Trump expressed skepticism on Sunday that U.S. lawmakers seeking to avoid another government shutdown could reach a deal on border security that he would accept, as he renewed his vow to build a wall on the southern border with Mexico.

“Of course we don’t seek a permanent military presence in Afghanistan,” an official said in the capital Kabul. The senior U.S. government official, speaking after six days of talks between a U.S. team and the Afghan Taliban, said that Washington was committed to the withdrawal of foreign forces from Afghanistan after 17 years of war.

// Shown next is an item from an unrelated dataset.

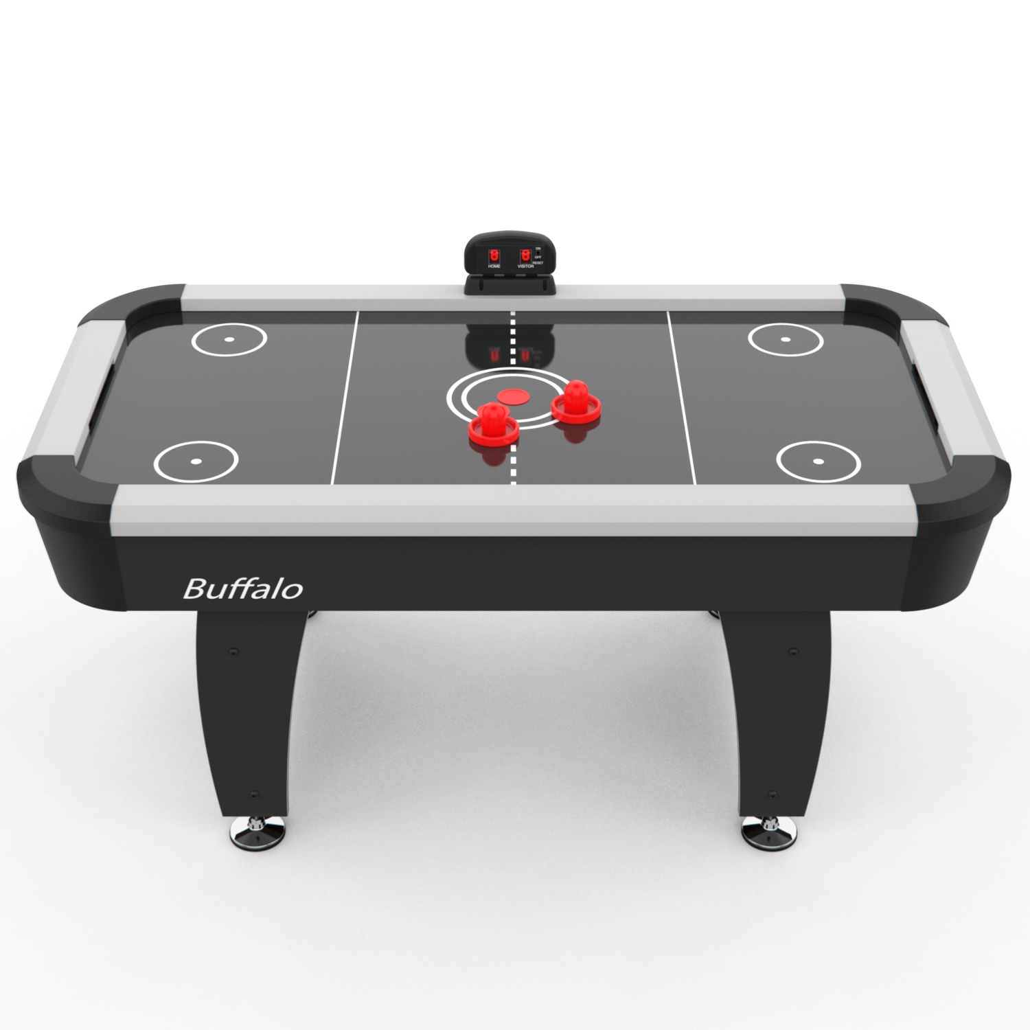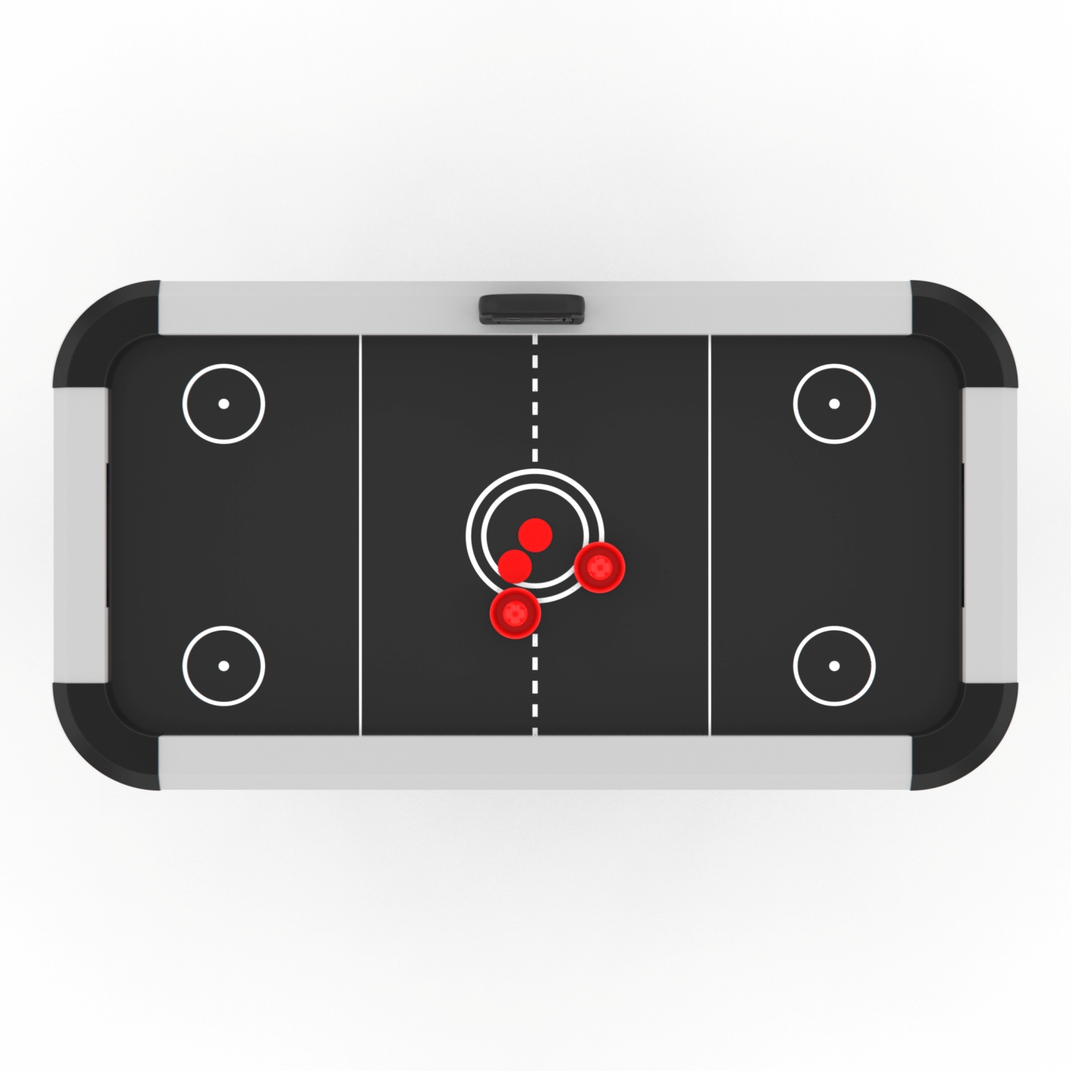 Стол оборудован электронным табло для подсчета очков. Корпус выполнен из специально обработанного МДФ, сверху покрытого прочной пленкой из ПВХ. Мощный компрессор подает воздух через отверстия. Напряжение: 220В.

President Trump’s administration lifted sanctions on the core empire of Russian tycoon Oleg Deripaska, including aluminum giant Rusal and its parent En+, despite a Democrat-led push to maintain them. The move, which sent the Russian stock index to an all-time high, has watered down the toughest penalties imposed since Moscow’s 2014 annexation of Crimea, following a lobbying campaign in the United States that lasted almost 10 months.

World

Grief over the hundreds of Brazilians feared lost in a mining disaster has quickly hardened into anger as victims’ families and politicians say iron ore miner Vale SA and regulators have learned nothing from the recent past.

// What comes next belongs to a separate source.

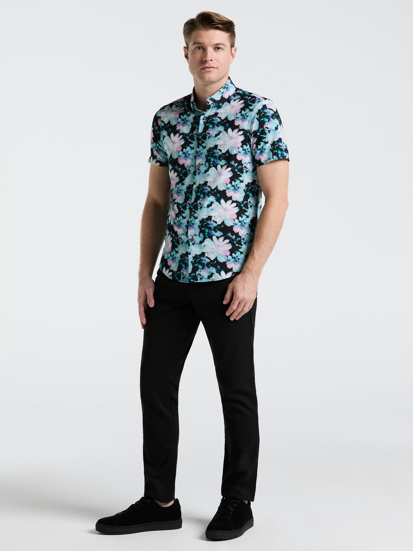 Highlight your unique style with this Perry Ellis men's short sleeve button up shirt. The slim fit and floral pattern give this men's short sleeve shirt a modern update to elevate your casual wear. Plus, moisture-wicking technology helps you feel dry and comfortable throughout the day.
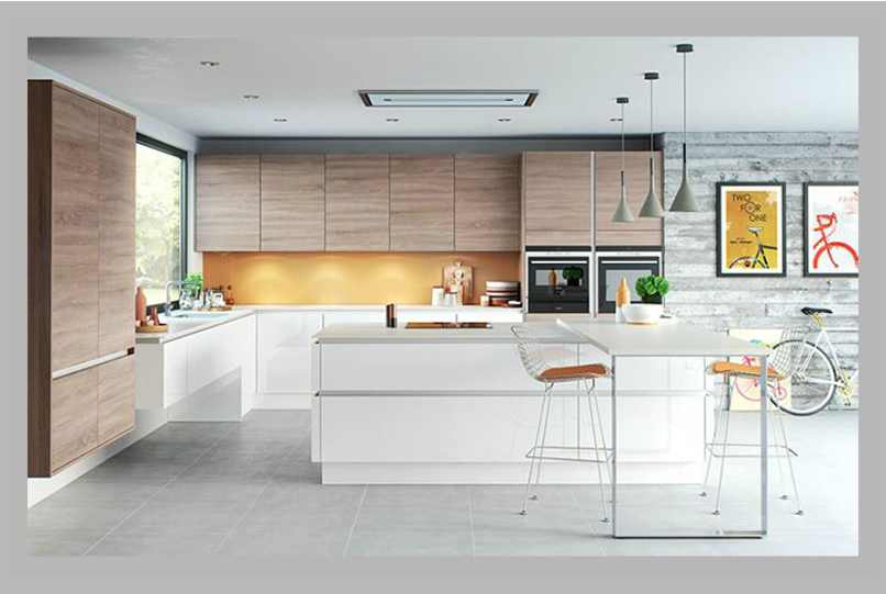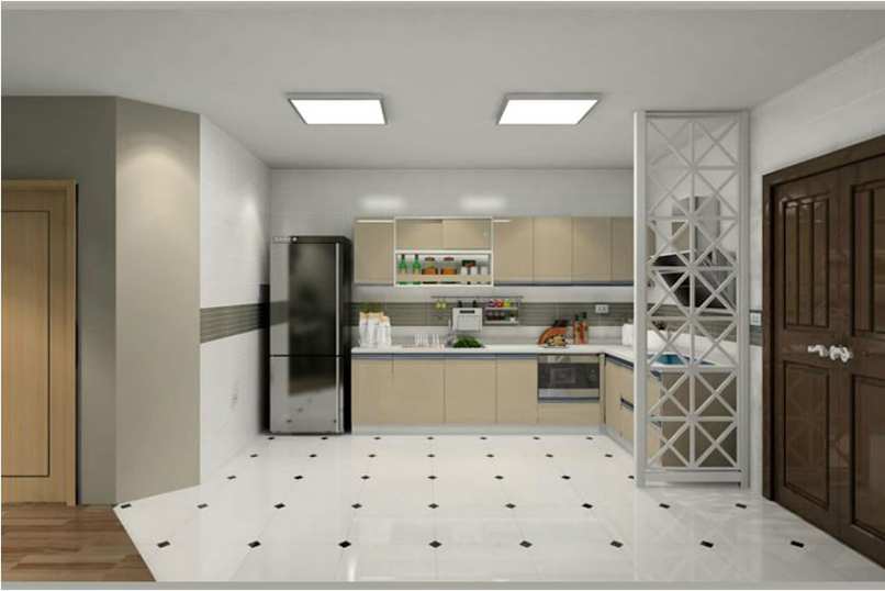 Thứ ba, hệ thống đèn từ trần nhà. Bạn có thể bật tủ bếp bằng đèn rọi từ trần nhà. Một điều cần lưu ý là phần ánh sáng đập vào mặt cảnh tủ sẽ dễ bị chói như: tủ kính, tủ Acrylic hay sơn bóng… Nguồn ánh sáng này cũng giúp bạn thấy được những gì bên trong tủ khi mở ra.

Venezuelan President Maduro, is confronting an unprecedented challenge to his authority after opposition leader Juan Guaido declared himself interim president, citing a fraudulent election. Guaido has won wide international support and offers amnesty to soldiers who join him. Maduro oversaw a display of the army’s Russian hardware on Sunday, with anti-aircraft flak and tank rounds pounding a hillside to show military force and loyalty in the face of an international ultimatum for new elections.

Who is behind the Philippine church bombings? Philippines security forces investigating a deadly twin bombing at a church on a predominantly Muslim southern island. Twenty people were killed and more than 100 wounded in Sunday’s attack on Jolo island, shocking a region that only days earlier delivered a resounding “yes” in a plebiscite on greater autonomy for the Muslim-dominated south.

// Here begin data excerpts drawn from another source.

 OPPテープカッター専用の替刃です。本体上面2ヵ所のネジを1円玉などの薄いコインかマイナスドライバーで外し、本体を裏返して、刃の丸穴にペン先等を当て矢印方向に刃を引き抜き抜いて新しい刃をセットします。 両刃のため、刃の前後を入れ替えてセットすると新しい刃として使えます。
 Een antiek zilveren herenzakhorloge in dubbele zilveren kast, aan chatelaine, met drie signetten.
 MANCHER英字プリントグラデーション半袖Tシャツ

Hundreds of taxis blocked a central traffic artery in Madrid during Monday’s morning rush hour, in their biggest show of strength yet as a protest seeking tighter regulation of Uber and other ride-hailing services entered its second week. The city’s taxi drivers started the protests last week against the private services, which offer rides that often undercut taxi prices and can be hailed via the internet rather than in the street.

 

Two @Reuters journalists have been imprisoned in Myanmar since Dec. 12, 2017. See our coverage of the case: https://reut.rs/2Qc7QFT

8:10 AM - 28 Jan 2018

Business

Long winter's nap? Global slowdown, market fears could extend Fed pause

Ebbing global growth and shaky financial markets threw the Federal Reserve off course in early 2016, and it took nearly a year for officials to regain confidence growth would continue and convince investors they would again raise interest rates.

6 min read

Breakingviews - Chinese markets may wait longer for bold changes

China’s stock markets could use a more ambitious overseer. State media reported over the weekend that the head of the country’s securities regulator, Liu Shiyu, would be replaced by Yi Huiman, Industrial and Commercial Bank of China’s chairman. Stability often took precedence over bigger changes under Liu, an approach that achieved only mixed results, writes Christopher Beddor.

3 Min Read

You're hired! Thai startup fills gap in tech talent recruiting

When app developer Sattha Puangput was looking to move from a startup to a new role, he updated his profile on GetLinks, a website that pairs technology professionals with companies looking to beef up their tech teams. Chinese tech giant Alibaba, Thai conglomerate Siam Cement Group and Australian employment marketplace SEEK Group participated in a funding round for GetLinks last year which raised “eight figures” in U.S. dollars, said 26-year-old French-born Djoann Fal who is the startup’s co-founder.